# Negotiating rent in Dublin City



## guest (10 Jul 2009)

What is a reasonable amount to negotiate on advertised rents. Am looking at the moment but most advertised rents (for decent places) are a bit beyond my budget. I want to offer less for some (landlord can either take it or leave it) but need an idea of how much lower to go without being too cheeky


----------



## murphaph (10 Jul 2009)

Offer whatever you think the place is worth or whatever you can afford if it's less. Don't worry about being cheeky. The landlord will make a counteroffer and you can decide then.


----------



## Yeager (10 Jul 2009)

Offer what you are willing to pay. Its a renters world at the minute. If they refuse simply walk away there are 100's of similar places available. Someone will be damn grateful of your money.


----------



## guest (10 Jul 2009)

Does anyone think it would be possible to get a 3 bed down from 1100 to 800-900, or is that just being silly? I know it's probably hard to tell, every landlord is different, depends on the place etc. Still, I guess I had also just get out of the pre-recession mindset of queueing up with 20 other people to view properties.......


----------



## shaking (10 Jul 2009)

I don't think it's been silly at all, I recently rented a house and negotiated 20% off the asking price


----------



## ariidae (10 Jul 2009)

I have just been house hunting this week. I bargained with each one I viewed. It also helps if you download the propertybee plugin for Firefox. It tells you how long a property has been on the market so you can tell which ones have already had a price drop or have been on the market ages and are now more likely to accept a lower asking price.

www.property-bee.com/


----------



## march (10 Jul 2009)

Hi Guest 

I think it is definately possible to get down to 800-900 from 1100. The DAFT report will show the rate of falling rents for properties by area.

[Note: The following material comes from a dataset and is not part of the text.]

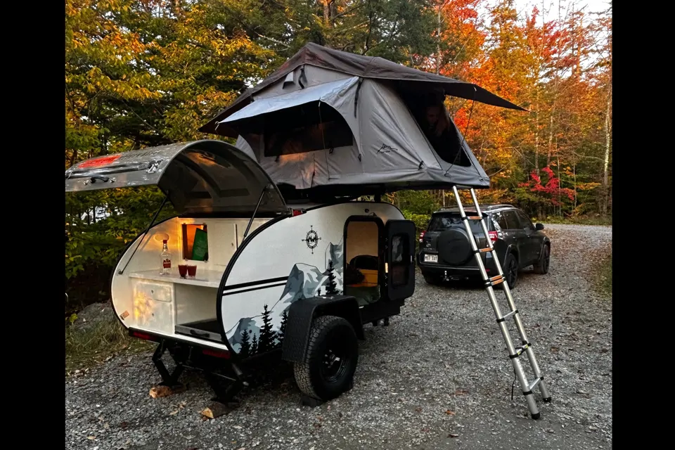 Superbe petite roulotte teardrop. Idéale pour un couple et ses jeunes enfants. Nos enfants de 13 et 10 ans ont adoré la tente au point où nous avons aussi décidés (les adultes) de l'essayer certains soir lol. Nous avons adoré l'expérience. Jesse est très sympatique et explique bien les principe de gestion de la roulotte qui sont relativement simples. 15 min de setup environ. Ce fut très agréable et confortable.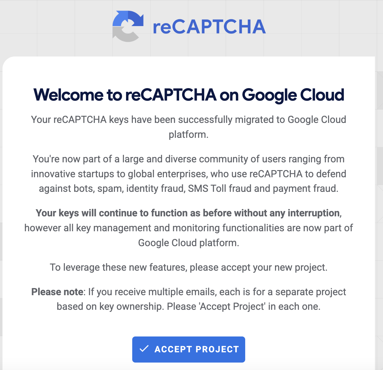 Look for a banner or notice at the top of the page referencing Google Cloud migration and click the button that says “Migrate Keys”. This will redirect you to the Google Cloud and Google will automatically configure the project for reCAPTCHA.

Remember that what rent you pay in July 2009 will be considerably less 3 or 6 months from now. Think about signing a lease or not but if you do build in falling prices to your offer.

We are in a falling rental market, there is a huge oversupply of property out there so bargain hard and make sure you get good value for yourself.

Good luck


----------



## guest (10 Jul 2009)

Thanks so much for your comments, everyone. I've been hearing so much about falling rents on the news but it's really good to get this feedback as to how much. I feel much more confident now about going in and giving offers on places.


----------



## march (11 Jul 2009)

Hi Guest 

Just to let you know a friend contacted me to say he has moved last weekend into a two bed house in Chapelizod, negotiated down from 1100 to 900.

Said to landlord one good tenant who will take care of the place is better than two that could really mess the place up.

He is a great tenant, house will be like a new pin!

So go bargain!


----------



## Joanne1 (13 Jul 2009)

It's definitely possible to negotiate a rent reduction at the moment.  I viewed some places recently and almost all of them were will to reduce to price significantly.  In the end I stayed where I was and got a rent reduction from current landlord.


----------